## Supplied material:
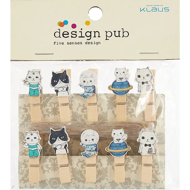 В наборе вы найдёте прищепки с котиками, которые поднимут вам настроение не меньше, чем скульптура Ольденбурга туристам Филадельфии.
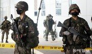 16일 광주 송정역 광장에서 육군 31사단 기동대가 차단경계를 하는 가운데 공군 1전비 폭발물제거반(EOD)이 역사에서 폭발물 의심물질을 제거하는 훈련을 하고 있다. 민관군 통합 방위훈련인 화랑훈련은 신종 코로나바이러스 감염증 여파 등을 이유로 4년 만에 재개했다. 박영철 기자 skyblue@donga.com}
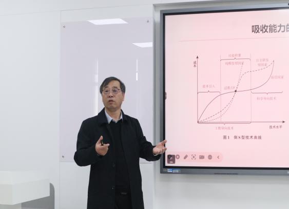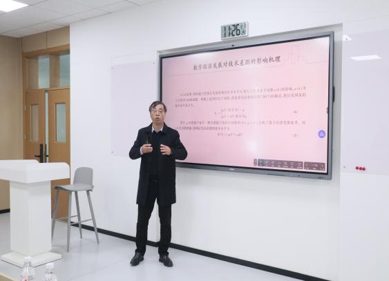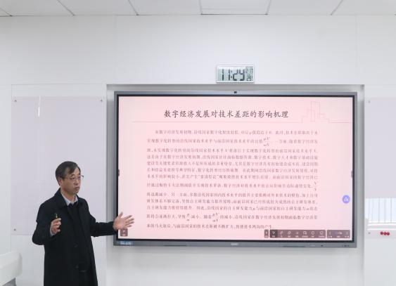 在讲座过程中,蔡翔教授结合历次工业革命中的技术追赶史实与前沿学术研究,系统剖析了数字经济发展对后发国家技术追赶产生的双重影响。他指出,数字经济既可通过技术溢出与要素重组为追赶提供“机会窗口”,也可能因数字壁垒与“破坏效应”加剧技术鸿沟,使其呈现复杂的“双刃剑”特征。最后,针对如何推动实现有效追赶,蔡翔教授提出了四方面政策启示:持续激发“一带一路”沿线国家数字经济合作活力;不断增强沿线国家自身技术吸收能力;积极扩大相互开放以突破国家规模局限;充分发挥中国对规模较小国家的技术追赶“拉拔效应”。
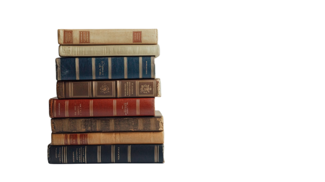 Tall stack of classic books on transparent background
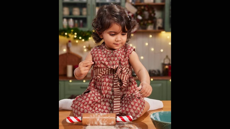 Fabindia’s festive charm extends to the little ones too. The Maroon Cotton Silk Hand-Block Printed Dress (Rs 1,687), with its flared silhouette, refined collar and striped waistband, promises a picture-perfect Christmas moment best styled with metallic sandals and a sweet hair accessory.
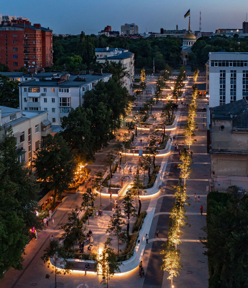 Бульвар в історичній частині міста, розбитий на тераси по рельєфу і завершується колонадою. Архітектурні елементи підсвічені нейтральним білим і теплим прихованим світлом, а також теплим світлом підкреслені дерева.
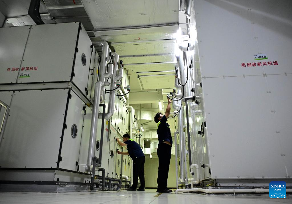 Staff members maintain a fresh air heat recovery system in the Passive House Technology Center of Qingdao Sino-German Ecopark in Qingdao, east China's Shandong Province, July 29, 2025. (Xinhua/Li Ziheng)

## Exercise aim:
Pictures stay out; everything else in the listing above is to be repeated exactly.

## Exercise result:
 В наборе вы найдёте прищепки с котиками, которые поднимут вам настроение не меньше, чем скульптура Ольденбурга туристам Филадельфии.
 16일 광주 송정역 광장에서 육군 31사단 기동대가 차단경계를 하는 가운데 공군 1전비 폭발물제거반(EOD)이 역사에서 폭발물 의심물질을 제거하는 훈련을 하고 있다. 민관군 통합 방위훈련인 화랑훈련은 신종 코로나바이러스 감염증 여파 등을 이유로 4년 만에 재개했다. 박영철 기자 skyblue@donga.com}
 在讲座过程中,蔡翔教授结合历次工业革命中的技术追赶史实与前沿学术研究,系统剖析了数字经济发展对后发国家技术追赶产生的双重影响。他指出,数字经济既可通过技术溢出与要素重组为追赶提供“机会窗口”,也可能因数字壁垒与“破坏效应”加剧技术鸿沟,使其呈现复杂的“双刃剑”特征。最后,针对如何推动实现有效追赶,蔡翔教授提出了四方面政策启示:持续激发“一带一路”沿线国家数字经济合作活力;不断增强沿线国家自身技术吸收能力;积极扩大相互开放以突破国家规模局限;充分发挥中国对规模较小国家的技术追赶“拉拔效应”。
 Tall stack of classic books on transparent background
 Fabindia’s festive charm extends to the little ones too. The Maroon Cotton Silk Hand-Block Printed Dress (Rs 1,687), with its flared silhouette, refined collar and striped waistband, promises a picture-perfect Christmas moment best styled with metallic sandals and a sweet hair accessory.
 Бульвар в історичній частині міста, розбитий на тераси по рельєфу і завершується колонадою. Архітектурні елементи підсвічені нейтральним білим і теплим прихованим світлом, а також теплим світлом підкреслені дерева.
 Staff members maintain a fresh air heat recovery system in the Passive House Technology Center of Qingdao Sino-German Ecopark in Qingdao, east China's Shandong Province, July 29, 2025. (Xinhua/Li Ziheng)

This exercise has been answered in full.